Traditional noise canceling headphones use a combination of active and passive noise reduction techniques. Passive noise cancellation techniques are used first to attenuate the noise that reaches the ear, and active noise cancellation techniques are then used to introduce noise of a type that will cancel the ambient noise and thereby minimize the net sound that ultimately reaches the ear.
Passive noise reduction is achieved by the shape and sound absorbing characteristics of the earpiece cups. Large cups that cover the ear completely are more effective, and more cumbersome, than smaller ear cups. Cups filled with sound absorbing material, such as gel, aids in reducing the sound levels that reach the ear and in turn relax the requirements on the active noise canceling electronics and transducers.
Active noise cancellation can be achieved in a number of ways and to degrees of effectiveness. But most approaches have basic similarities. A microphone within close proximity to the ear, such as within a headphone ear cup, detects audio signals within the audible spectrum (signal amplitudes and frequencies that can be detected by the human ear). This detected audio signal close to the ear, or the error signal, is used in a feedback loop. Electronics condition the error signal and produce a copy that has the same amplitude at each tone (i.e. same spectrum), but shifts the phase of the error signal by 180 degrees. This equal (in amplitude) and opposite (in phase) correction signal is then fed back to the listening environment via the speaker transducer in the headphone. When the correction signal is passed to the speaker the analog electrical signal is converted to mechanical motion which produces sound that is exactly equal and opposite to the sound detected at nearly the same instant by the built in microphone. The result of propagating the correction sound in the presence of the ambient detected noise is that the two sounds interfere and cancel, and the noise level detected by the listener is noticeably reduced from that which would heard in the absence of active noise cancellation.
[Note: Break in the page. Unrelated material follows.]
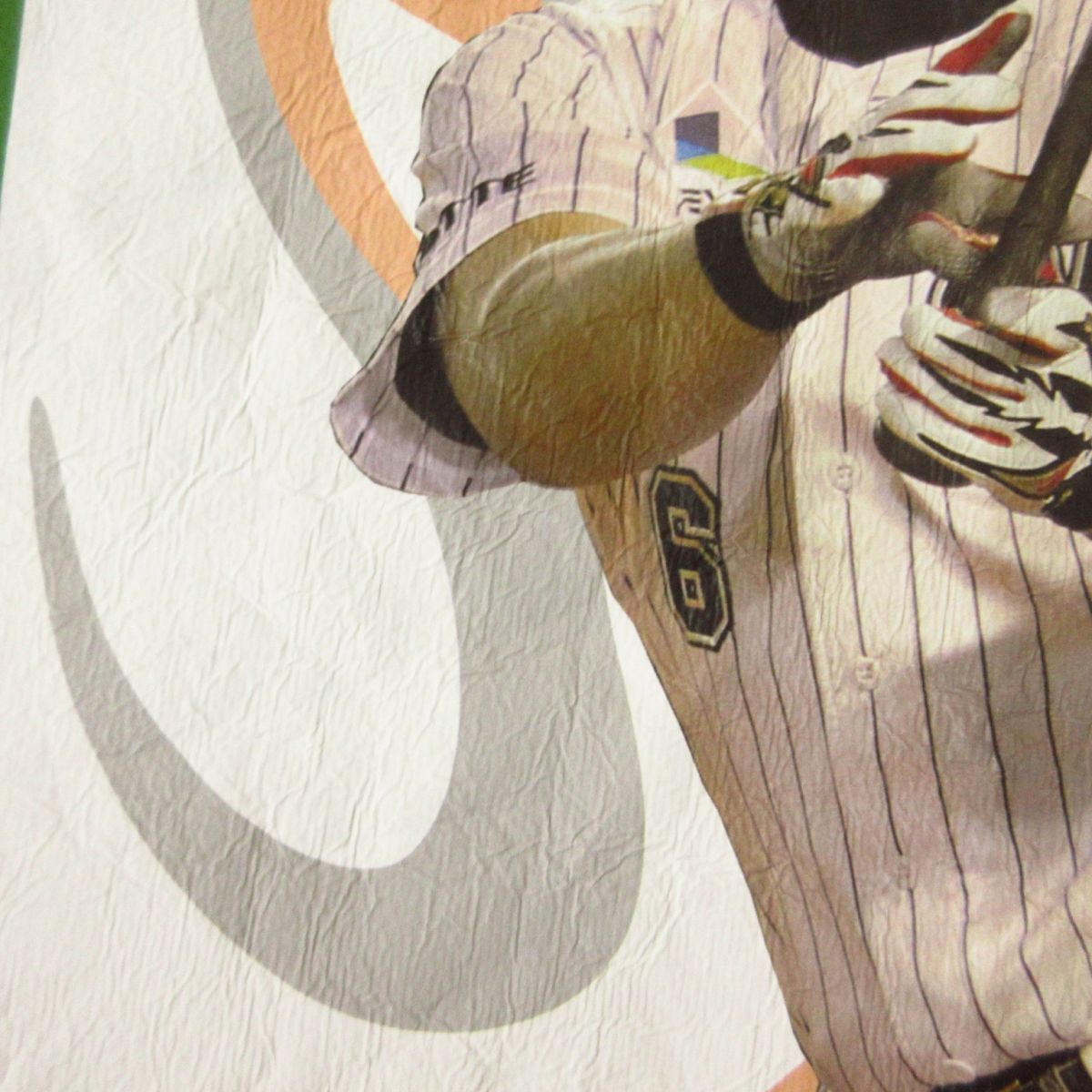 プリントにわずかにシワ、プリント割れ(画像)ございますが、アイテム自体はさほど使用感なく普通にお使いいただけます。

The servo loop bandwidth, temporal response, frequency response and other characteristic parameters are chosen to optimize the active noise canceling effect taking into account the technical performance of the passive noise cancellation sub system, and the anticipated noise characteristics to be encountered.
A drawback to the current noise canceling headphones is that they are typically stand alone products that house their own power supply, noise cancellation electronics, microphones and headphones. As a result the units are expensive and cumbersome.
An improvement to the current state of the art could be realized by an invention that takes advantage of some of the intrinsic features of a personal computer. For example desktop computers and laptops have power supplies that produce DC voltages that could be used to power the noise canceling headphones and thereby eliminate need for a battery pack.
Personal computers also often have integral microphones that may be used to enhance the noise canceling headphones. And naturally personal computers have processing, analog to digital conversion, and digital to analog conversion capabilities that may be used to enhance if not completely implement the noise canceling signal conditioning and correction signal generation. Finally, the USB connector is an elegant connection interface to pass power and signals between the personal computer and the headphone assembly that may or may not be employed. If it is employed, interesting extensions of the invention are envisioned, such as the inclusion of a digital music player, or simply digital storage on the USB connector fob.

BRIEF SUMMARY OF THE INVENTION

BRIEF DESCRIPTION OF THE SEVERAL VIEWS OF THE DRAWING

FIG. 1: Noise Canceling Module (NCM) is integral to Personal Computing Device (PCD). Connection between Noise Canceling Headphones (NCH) and PCD is implemented with a USB connector fob.
FIG. 2: Noise Canceling Module (NCM) is integral to Personal Computing Device (PCD). Connection between Noise Canceling Headphones (NCH) and PCD is implemented with traditional audio connectors.
FIG. 3: Noise Canceling Module (NCM) is integral to Connector Fob (CF), in this example a USB type connector fob is used. Connection between Noise Canceling Headphones (NCH) and PCD is implemented with same USB connector fob.
FIG. 4: Noise Canceling Module (NCM) is integral to Connector Fob (CF), in this example a USB type connector fob is used. Also resident on CF is a digital music player. Connection between Noise Canceling Headphones (NCH) and PCD is implemented with same USB connector fob.
FIG. 5: Noise Canceling Module (NCM) is integral to PCD in this example. A USB type connector fob is used to house a digital music player. Connection between Noise Canceling Headphones (NCH) and PCD is implemented with same USB connector fob.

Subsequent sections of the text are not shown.